On 29 June 2023 the Court of Justice of the European Union ("CJEU") published its decision in Cabot Plastics (C-232/22), which is the latest in a series of recent decisions addressing the concept of a fixed establishment ("FE") for VAT purposes.
As the EU legislative provisions concerning FEs are drafted in a relatively broad manner, EU Member States have adopted varying interpretations of the test for the existence of an FE and this has given rise to persistent litigation. This decision should contribute to increased certainty for practitioners and tax authorities in this area of VAT law.
The case involved a Belgian company, Cabot Plastics Belgium SA, ('Cabot Belgium') which provided toll manufacturing services and ancillary services to an affiliated company, Cabot Switzerland GmbH ('Cabot Switzerland'). The question for the CJEU was whether the toll manufacturing activities of Cabot Belgium (using raw materials owned by Cabot Switzerland to manufacture finished products) created a fixed establishment ('FE') of Cabot Switzerland in Belgium for VAT purposes. Cabot Belgium treated the place of supply of its services as Switzerland (outside the EU) and therefore, Cabot Belgium did not charge VAT on the services it provided to Cabot Switzerland. Following an audit in 2017, the Belgian tax authorities argued that the Swiss company had a FE in Belgium, and, accordingly, that the tolling services provided were received by the FE in Belgium and should be subject to Belgian VAT.
The key takeaways from the CJEU decision are as follows:
- The Court began by reiterating the principle that the primary and default point of reference for determining the place of supply is the place of main establishment of a business as this criterion is simple and practical and contributes to legal certainty. It is generally only if this approach gives rise to irrational results or creates a conflict with another Member State that the secondary test concerning FEs should be applied.
- The Court noted that the test for whether a service is supplied to an FE (as distinct from the place of main establishment) requires an analysis as to whether there is an establishment in such location characterised by 'a sufficient degree of permanence and a suitable structure in terms of human and technical resources' to receive and use services supplied to it for its own needs.
- Regarding the requirement for human and technical resources, the Court found that such resources cannot exist only occasionally. In addition, the taxable person need not necessarily 'own' the resources, but must have the right "to dispose of those human and technical resources in the same way as if they were its own". The CJEU gave the example of employment and leasing contracts which make the resources available to such person and which cannot be terminated at short notice.
- In addition, the Court held that as Cabot Belgium remained responsible for its own resources and provided the tolling services at its own risk, the mere fact that it provided services exclusively to Cabot Switzerland did not in and of itself mean that its resources belonged to Cabot Switzerland.

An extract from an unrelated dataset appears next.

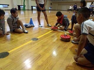 18日(水) 2日目 雨のため屋内追跡ハイキングをしています カーリングなど初めてしたものもあって楽しそう でした。

- The Court emphasised the importance of distinguishing between the 'distinct transactions' of (i) the services provided under the toll manufacturing agreement between the Belgian and Swiss entities, and (ii) the supply of finished goods by Cabot Switzerland to third parties, as the two supplies are subject to different schemes of VAT. This followed on from an equivalent finding of the Court in another decision, Berlin Chemie (C-333/20). The Court found that the tolling services were received by Cabot Switzerland (for its business of selling goods) in Switzerland, since it did not have a suitable structure in Belgium to receive and use the tolling services supplied.
- Importantly, the Court also held that the same resources 'cannot be used both to provide and receive the same services'. It was stated that Cabot Switzerland did not appear to have a FE in Belgium (through the resources of Cabot Belgium) on the basis it was not possible (from the information before the Court) to distinguish the resources which Cabot Belgium uses to provide it tolling services, and the resources allegedly employed by Cabot Switzerland to receive the tolling services in Belgium. This aspect of the decision also followed the precedent of Berlin Chemie (C-333/2).

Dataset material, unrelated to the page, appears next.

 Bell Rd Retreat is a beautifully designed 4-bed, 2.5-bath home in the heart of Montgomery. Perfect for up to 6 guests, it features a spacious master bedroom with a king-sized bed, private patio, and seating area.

This decision follows on from the CJEU's recent jurisprudence in relation to the test for the existence of an FE for VAT purposes and provides further clarity in this area, in particular for companies receiving toll manufacturing services from EU suppliers.
If you would like to discuss the impact this decision may have for your business, or indeed discuss any other matters, please contact Indirect Tax partners Matthew Broadstock and Dara Higgins or your usual Matheson contact.
 The definition of a fixed establishment for VAT purposes is set out in Article 11 of Council Implementing Regulation (EU) No. 282/2011. Article 11 provides for two types of FE with a broadly similar test for each. In accordance with CJEU case law, to create a FE, there must be an establishment characterised by a sufficient degree of permanence and a suitable structure in terms of human and technical resources either to (i) receive and use services supplied to it for its own needs; or (ii) to enable it to provide the services which it supplies.